Let's now review hedge fund activity in other stocks - not necessarily in the same industry as Commercial Vehicle Group, Inc. (NASDAQ:CVGI) but similarly valued. These stocks are Horizon Technology Finance Corp (NASDAQ:HRZN), Auryn Resources Inc. (NYSE:AUG), Priority Technology Holdings, Inc. (NASDAQ:PRTH), StarTek, Inc. (NYSE:SRT), Southern National Bancorp of Virginia, Inc (NASDAQ:SONA), Energy Fuels Inc (NYSE:UUUU), and Nathan's Famous, Inc. (NASDAQ:NATH). All of these stocks' market caps match CVGI's market cap.
[table] Ticker, No of HFs with positions, Total Value of HF Positions (x1000), Change in HF Position HRZN,2,2270,0 AUG,5,3610,2 PRTH,2,1652,-1 SRT,2,4387,-1 SONA,9,8507,-1 UUUU,3,953,-3 NATH,5,25066,1 Average,4,6635,-0.4 [/table]
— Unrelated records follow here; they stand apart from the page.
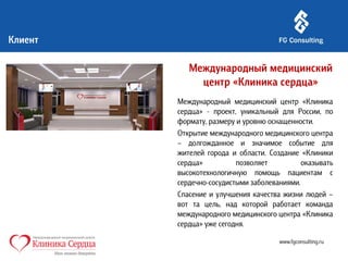 Кейс по развитию компетенций руководителей Международного медицинского центра "Клиника сердца". Управленческое обучение проводил бизнес-тренер проекта и руководитель компании FG Consulting Макаров Антон. Обучение проводится по следующим темам: командообразование, клиентоориентированность, адаптивность к переменам, управление изменениями. Из кейса Вы сможете подробнее узнать о проекте.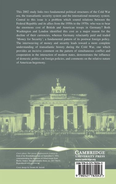 This study links two fundamental political structures of the Cold War era, the transatlantic security system and the international monetary system. Central to this issue is a problem which soured relations between the Federal Republic and its allies from the 1950s to the 1970s: who was to bear the enormous cost of British and American troops in Germany? Both Washington and London identified this cost as a major reason for the decline of their currencies, whereas Germany reluctantly paid and traded 'Money for Security'; a fundamental pattern of its postwar foreign policy. The interweaving of money and security leads toward a more complete understanding of transatlantic history during the Cold War, one which provides an incisive comment on the pattern of simultaneous conflict and cooperation in the interaction of modern states, demonstrates the influence of domestic politics on foreign policies, and comments on the relative nature of American hegemony.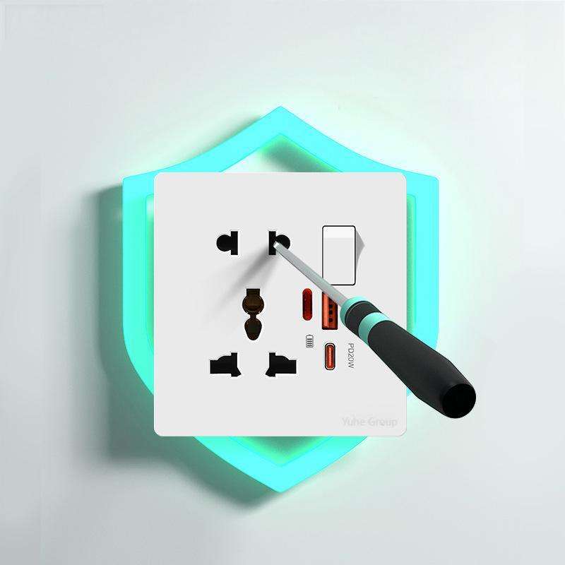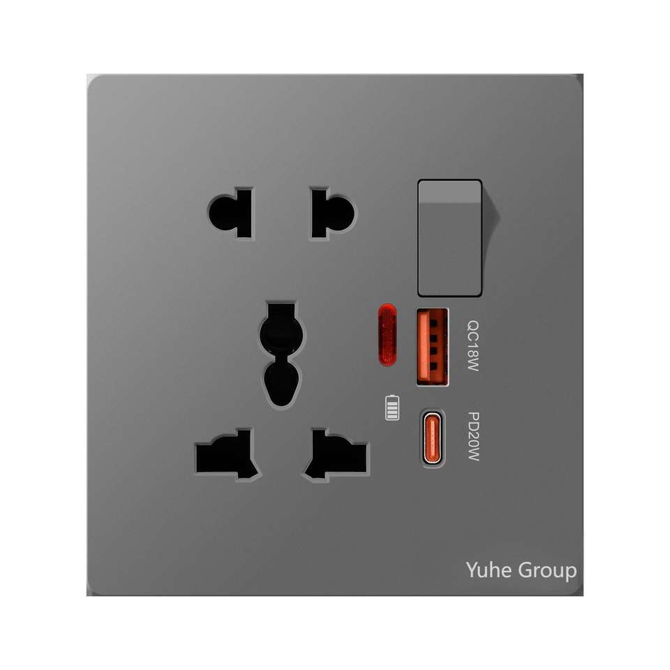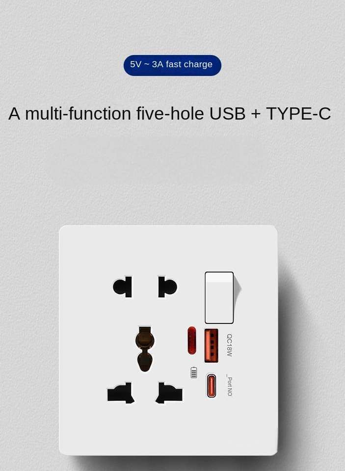 ปลั๊กไฟติดผนังแบบสัมผัสทนทาน 20W ชาร์จเร็ว 10A วัสดุ PC ปลั๊กไฟอเนกประสงค์ 5 ขา แบบ UK ปลั๊กไฟฟ้ากระแสสลับ

As you can see these stocks had an average of 4 hedge funds with bullish positions and the average amount invested in these stocks was $7 million. That figure was $36 million in CVGI's case. Southern National Bancorp of Virginia, Inc (NASDAQ:SONA) is the most popular stock in this table. On the other hand Horizon Technology Finance Corp (NASDAQ:HRZN) is the least popular one with only 2 bullish hedge fund positions. Compared to these stocks Commercial Vehicle Group, Inc. (NASDAQ:CVGI) is more popular among hedge funds. Our overall hedge fund sentiment score for CVGI is 78. Stocks with higher number of hedge fund positions relative to other stocks as well as relative to their historical range receive a higher sentiment score. Our calculations showed that top 20 most popular stocks among hedge funds returned 41.3% in 2019 and outperformed the S&P 500 ETF (SPY) by 10 percentage points. These stocks returned 32.9% in 2020 through December 8th but still managed to beat the market by 16.2 percentage points. Hedge funds were also right about betting on CVGI as the stock returned 30% since the end of September (through 12/8) and outperformed the market by an even larger margin. Hedge funds were clearly right about piling into this stock relative to other stocks with similar market capitalizations.